Au milieu de la panique des banques qui n’ont toujours pas retrouvé l’équilibre depuis le crash de cet été et qui voient fondre leur à-valoir, les politiciens didactiques et les économistes tracent des lignes pour tenter de créer des illusions d’optique à défaut de rattraper les chiffres de croissance de l’économie Asiatique. C’est le nivellement par le haut. Ça cahute chez « COMCO International », comme à la Maison-Blanche où les Républicains se plaisent à y croire à nouveau, et panique des Démocrates qui se battent entre eux comme l’hydre à deux têtes : Madame Clinton est mal placée dans les sondages et Barack Obama n’a pas convaincu tout le monde.
Yes parano. Parano NO. Parano Yes.
En cette fin d’année, tout le monde a peur.
On sait que les liftings, lissages et remodelages vont bon train. On marche sur la tête. Les compagnies ont perdu le sens de la responsabilité et de la qualité du travail. On fait des plans, des plans et encore des plans sur trois ans. On vise l’horizon 2009 mais pas plus loin. C’est une culture de survie. On ne parle que de rentabilité, tout est challenge, y a plus de joie dans le travail. Les entreprises exsangues demandent toujours plus. Grâce aux moyens donnés par la civilisation de l’hyper communication, le téléphone mobile sonne à toute heure pour un renseignement ou un saignement de plus, ou c’est le Blackberry, ou l’Iphone, ou l’Email qui se remplit. Gros salaire égal asservissement maximal.

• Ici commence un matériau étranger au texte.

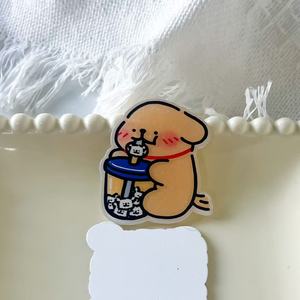 棕狗喝奶茶
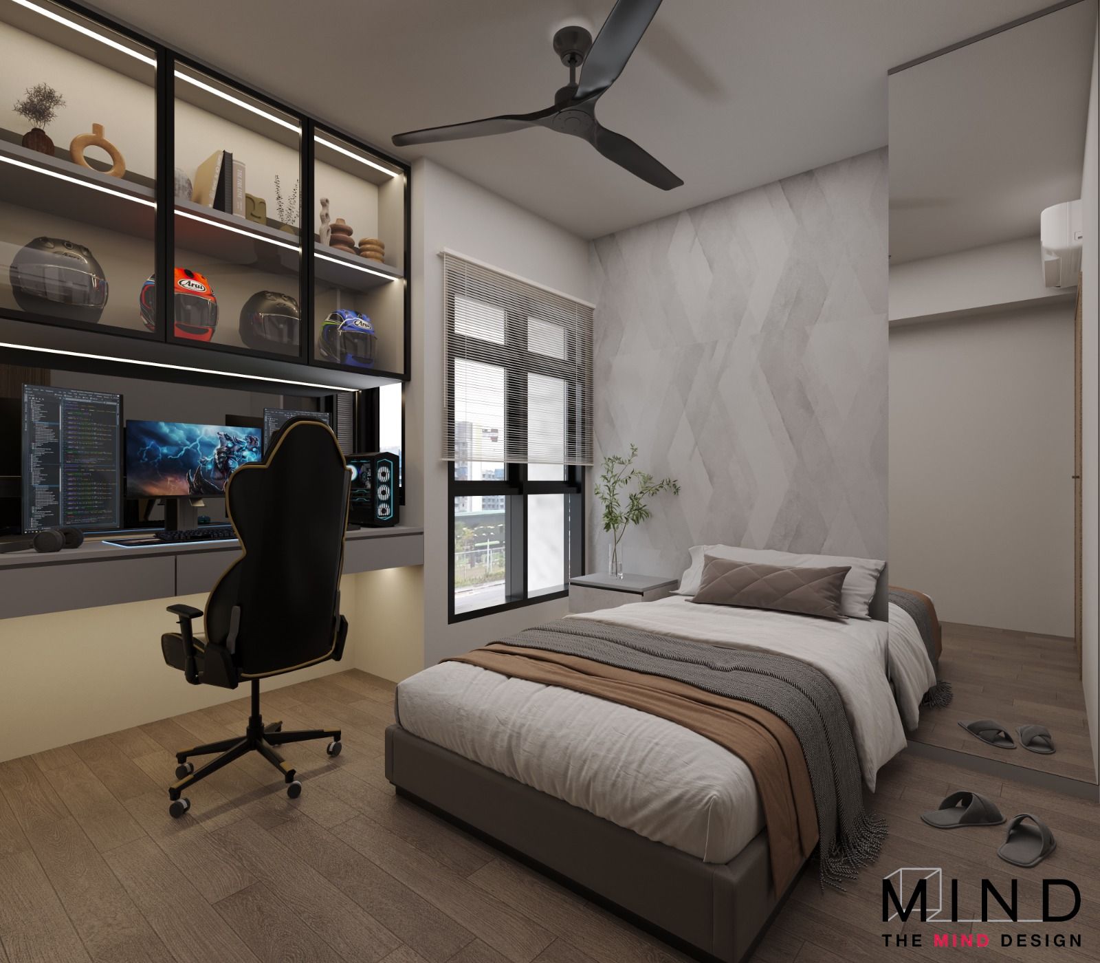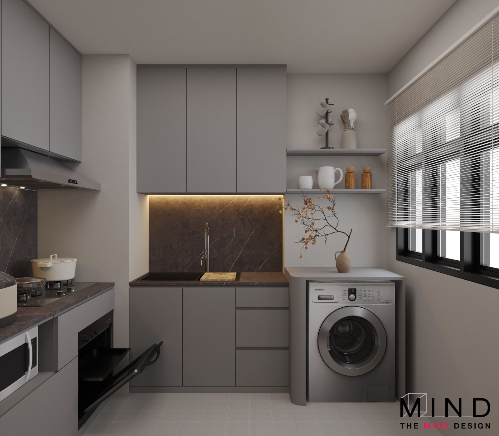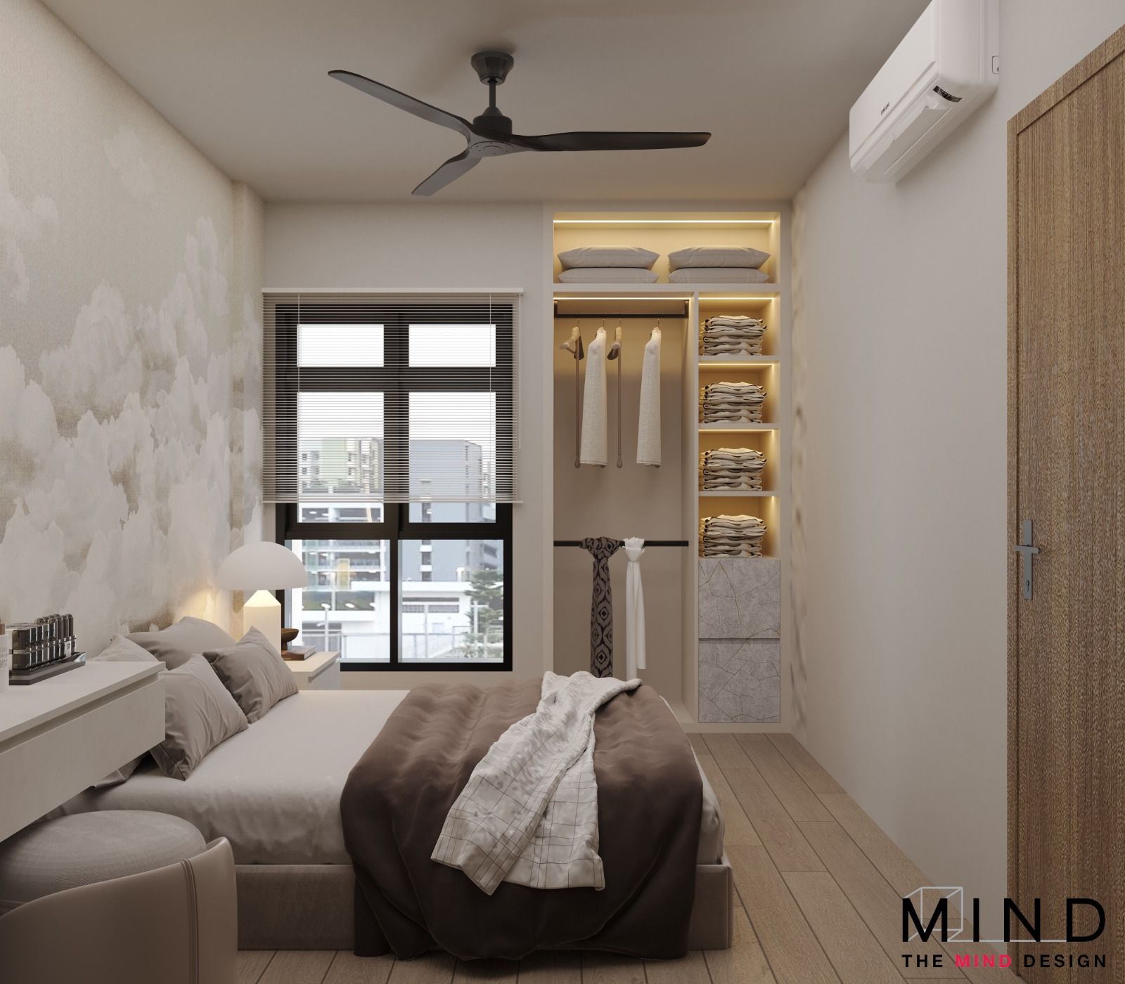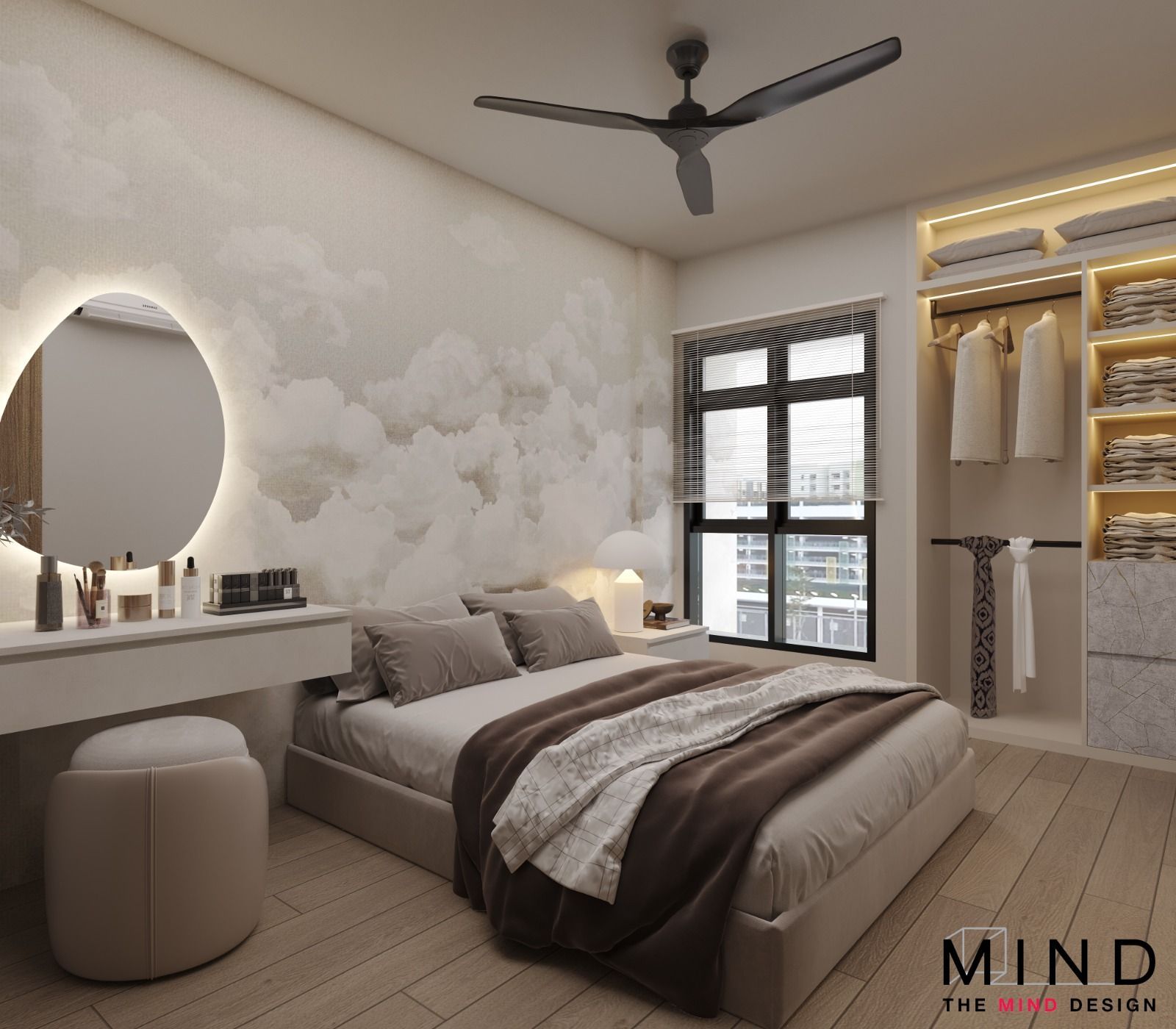This serene interior by THE MIND DESIGN brings together clean lines, soft textures, and warm lighting to craft a calming sanctuary in the heart of the city. From the cloud-inspired feature wall in the bedroom to the streamlined living space, every detail reflects understated luxury and thoughtful functionality.
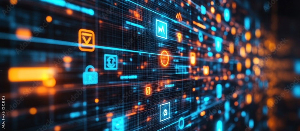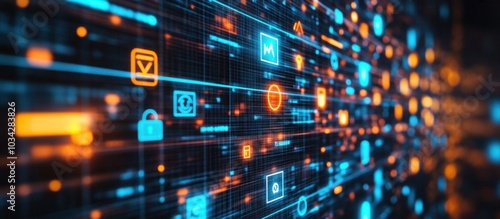 The watermark will not be included on Sticker.: Abstract digital background with glowing lines and icons -

Sur la corde raide, sur un siège éjectable, ils savent qu’ils peuvent sauter d’un instant à l’autre, quels que soient leurs postes, même les chairmans et managers, présidents et vice-président, tous les mecs stressent quand ils doivent rendre des comptes comme on rend sa copie. En équilibre sur un fil, s’ils ne font pas le bon choix, un coup de vent et hop, ils culbutent dans le vide. Même installés à des postes majeurs, ils n’ont aucune sécurité, et tous n’ont pas les fameux parachutes. J’en vois qui se retrouvent en vol libre façon Yves Klein, éjectés du jour au lendemain avec une plus ou moins belle prime de départ, mais plus rien à faire ensuite. Pressé comme des fruits pour en tirer le jus, il ne reste d’eux que le zeste après le geste.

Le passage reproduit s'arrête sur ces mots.